## GIVEN DATA
* * *

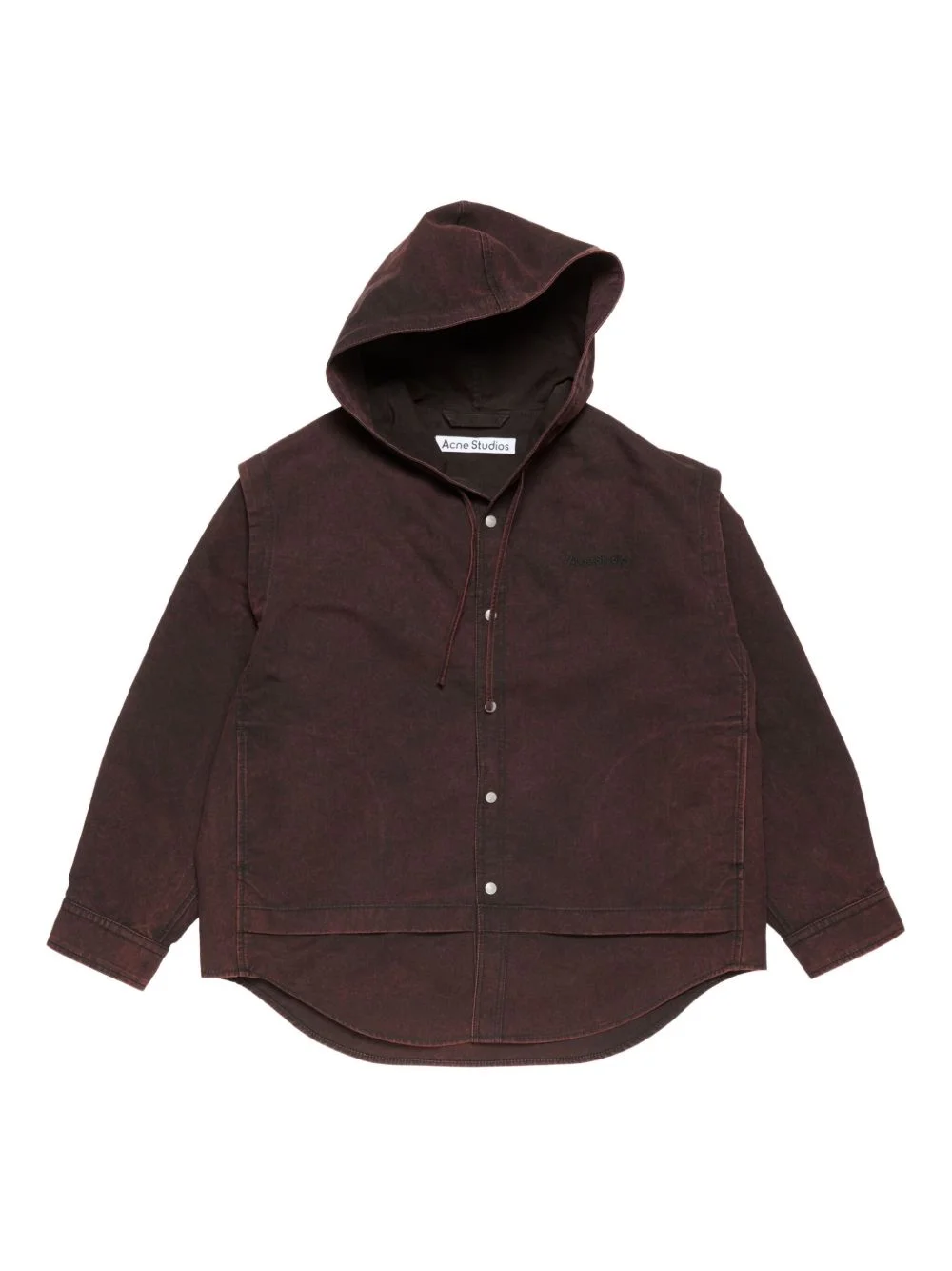 hooded organic cotton jacket Highlights - Burgundy - Organic cotton - Button fastening - Long sleeves - Buttoned cuffs - Hooded neck Imported Composition Organic Cotton 100% Washing instructions Read Manufacturer Guidelines
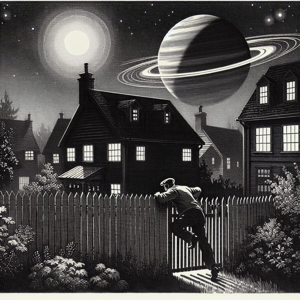 ChatGPT: Generate an image of a serene New Jersey neighborhood at midnight, with a burglar stealthily scaling a fence to attempt a break-in. Above this scene, in the black-and-white newspaper illustration style, let Neptune shimmer in the dark night sky as it orbits at a distant but constant distance from Earth. Emphasize the contrast between the calm suburban setting and the distant, otherworldly beauty of the planet.
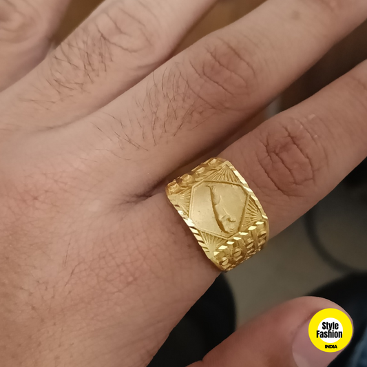 Exclusive Frill Handmade Charming Square Premium Gold Plated Ring For Men
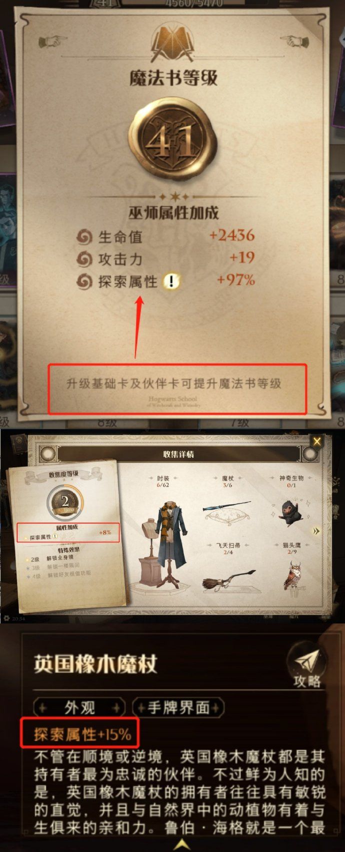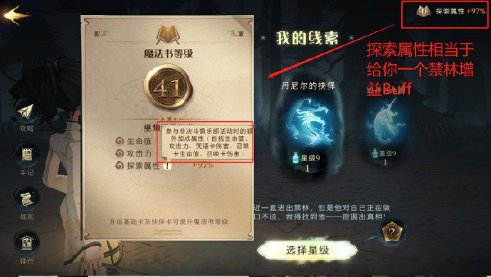 3、在禁林开始界面可以看到探索属性,在非决斗场景,他会给你带来增益

* * *

## BRIEF
Everything in the listing should be copied exactly, apart from the images it holds.

## REPLY
 hooded organic cotton jacket Highlights - Burgundy - Organic cotton - Button fastening - Long sleeves - Buttoned cuffs - Hooded neck Imported Composition Organic Cotton 100% Washing instructions Read Manufacturer Guidelines
 ChatGPT: Generate an image of a serene New Jersey neighborhood at midnight, with a burglar stealthily scaling a fence to attempt a break-in. Above this scene, in the black-and-white newspaper illustration style, let Neptune shimmer in the dark night sky as it orbits at a distant but constant distance from Earth. Emphasize the contrast between the calm suburban setting and the distant, otherworldly beauty of the planet.
 Exclusive Frill Handmade Charming Square Premium Gold Plated Ring For Men
 3、在禁林开始界面可以看到探索属性,在非决斗场景,他会给你带来增益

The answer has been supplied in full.